- _Work instructions_
Your task is to transcribe all of the data below exactly, omitting the images.

- _Provided material_
=== Begin Enclosure ===

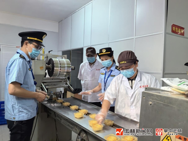 市场监管工作人员在监督企业的月饼生产流程。
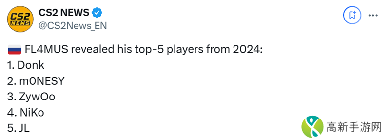 日前GamerLegion战队选手FL4MUS在社交媒体平台上分享了自己的2024年度Top5选手预测:
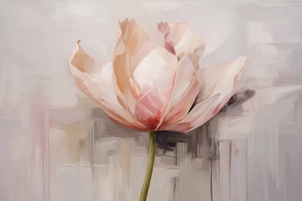 Pink tulip, oil painting imitation with soft brush strokes, abstract background with pastel shades of gray and beige - Wall mural (No. w09187)
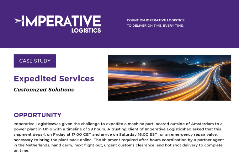 Imperative Logistics delivers expedited air and ground solutions built for speed, precision, and total confidence. With access to more than 15,000 domestic and cross-border flight options and a nationwide fleet of over 50,000 vehicles, from sprinter vans to temperature-controlled and liftgate-equipped trucks, we move shipments on your timeline, not the other way around. Our 24/7/365 operations team engineers the fastest routes, providing proactive communication, real-time visibility, and automated alerts at every critical checkpoint. Whether it’s a small, time-sensitive part or a mission-critical shipment demanding white-glove handling, we make sure it arrives exactly where it needs to be, securely, swiftly, and without compromise.

=== End Enclosure ===

- _Expected answer_
 市场监管工作人员在监督企业的月饼生产流程。
 日前GamerLegion战队选手FL4MUS在社交媒体平台上分享了自己的2024年度Top5选手预测:
 Pink tulip, oil painting imitation with soft brush strokes, abstract background with pastel shades of gray and beige - Wall mural (No. w09187)
 Imperative Logistics delivers expedited air and ground solutions built for speed, precision, and total confidence. With access to more than 15,000 domestic and cross-border flight options and a nationwide fleet of over 50,000 vehicles, from sprinter vans to temperature-controlled and liftgate-equipped trucks, we move shipments on your timeline, not the other way around. Our 24/7/365 operations team engineers the fastest routes, providing proactive communication, real-time visibility, and automated alerts at every critical checkpoint. Whether it’s a small, time-sensitive part or a mission-critical shipment demanding white-glove handling, we make sure it arrives exactly where it needs to be, securely, swiftly, and without compromise.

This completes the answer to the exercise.